Optically evoked synaptic currents were measured by delivering two light pulses (1 ms, spaced 50 ms, generated by a CoolLED pE-300) focused on the sample through the ×40 immersion objective. Sweeps were delivered every 10 s. Synaptic responses were monitored while holding the membrane voltage at −70 mV (for oEPSCs) and +10 mV (for optogenetically evoked inhibitory postsynaptic currents (oIPSCs)). We monitored different light stimulation intensities before baseline recording to achieve oEPSC responses at approximately 50% of the maximal response.
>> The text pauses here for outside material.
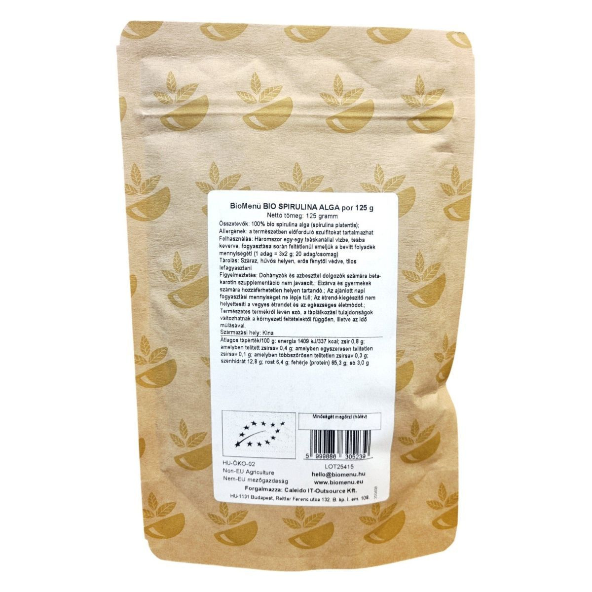 A BioMenü Spirulina algapor egy 100% bio, vegán és raw étrend-kiegészítő, amely spirulina algából készül. A termék Kínából származik, és a spirulina alga gazdag fehérjében és rostban, ami hozzájárulhat a kiegyensúlyozott étrendhez. Az algapor természetes szulfitokat tartalmazhat, ezért allergiások számára fontos az óvatosság. A termék fogyasztása során javasolt a folyadékbevitel növelése. A spirulina algapor táplálkozási tulajdonságai változhatnak a környezeti feltételektől függően, ezért fontos a megfelelő tárolás. A termék HU-ÖKO-02 tanúsítvánnyal rendelkezik, és a Caleido IT-Outsource Kft. forgalmazza.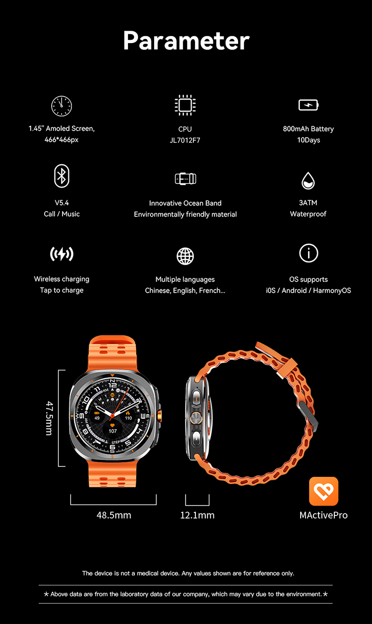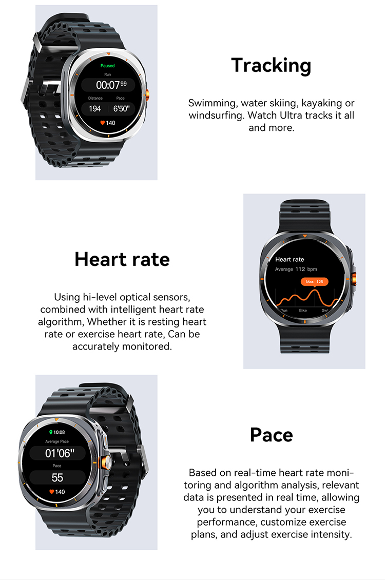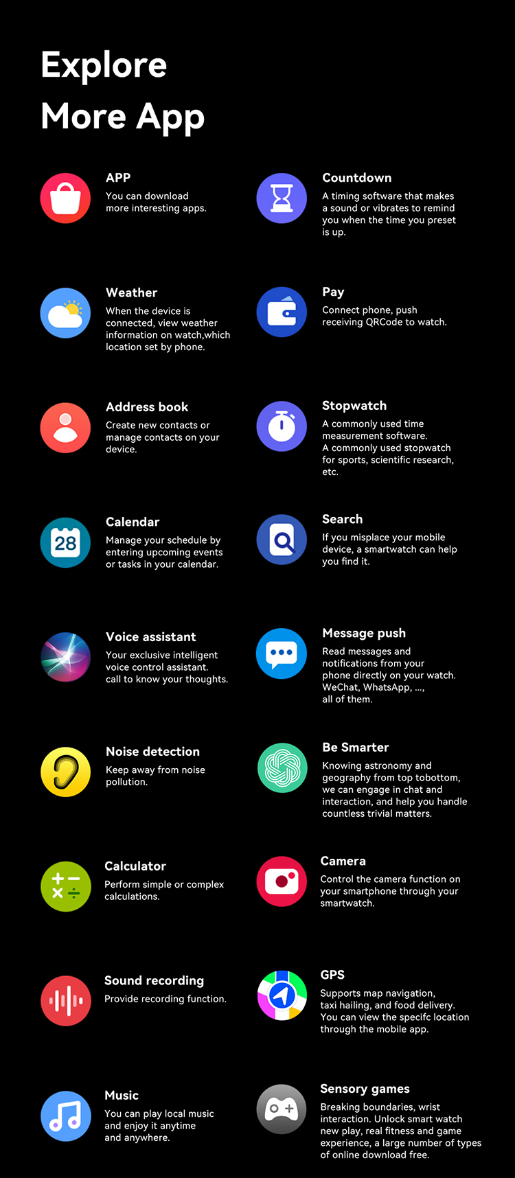 Functions: Independent GPS, 3ATM Waterproof, photo image synchronization, noise, translation, pinch-finger answer, Offline voice assistant, ChatGPT, WhatsApp reply, AI smart dial production, Equipped with ChatGPT, Deepseek, Grok.500+ dial free download, Smart Island, one-click connection, local music playback(can be connected to bluetooth headphones to play), album, e-book, recording, main menu bottom map push, music playback interface bottom map push, motion sensing games, GPS movement, game download, background management, APP skin function, APP movement track video, healthy family sharing positioning health information,SOS alarm, video custom dial push. Wireless charging, Bluetooth call, IP68 waterproof, voice assistant,NFC access control, independent ringtone, independent clock, long bright screen, bedside lamp, female physiology, blood glucose temperature heart rate ECG blood pressure blood oxygen sleep, step counting, Bluetooth photography, Bluetooth music, friends, payment code, computer, contact person, weather, stopwatch, timing, alarm clock, password lock, flashlight.

Access resistance (10–30 MΩ) was monitored throughout the experiment, and recordings were discarded from further analysis if resistance changed by more than 20%. The excitation–inhibition (oEPSC/oIPSC) ratio was calculated by dividing the amplitude of the oEPSC at −70 mV by the amplitude of the oIPSC at +10 mV during identical light intensity stimulation. To validate inhibitory and excitatory post-synaptic currents as γ-aminobutyric acid (GABA)ergic and glutamatergic, respectively, in a subset of cells the GABAa receptor antagonist SR 95531 hydrobromide (gabazine; 10 µM) was added to the bath while holding the cell at +10 mV, or the AMPA receptor antagonist 6,7-dinitroquinoxaline-2,3-dione (10 µM) while holding the cell at −70 mV. In another subset of cells, once the baseline measures were established, we tested for monosynaptic connectivity by bath application of 1 µM TTX, followed by 100 µM 4-AP, and measured the amplitude of post-synaptic currents returning following 4-AP application. On the basis of the signal-to-noise ratio of the recordings, currents under 5 pA were considered unreliable and not considered further, as were currents rescued by 4-AP application with an amplitude less than 10 pA (non-monosynaptic; two instances: 1 HVCX→HVCX and 1 HVCX→HVCRA).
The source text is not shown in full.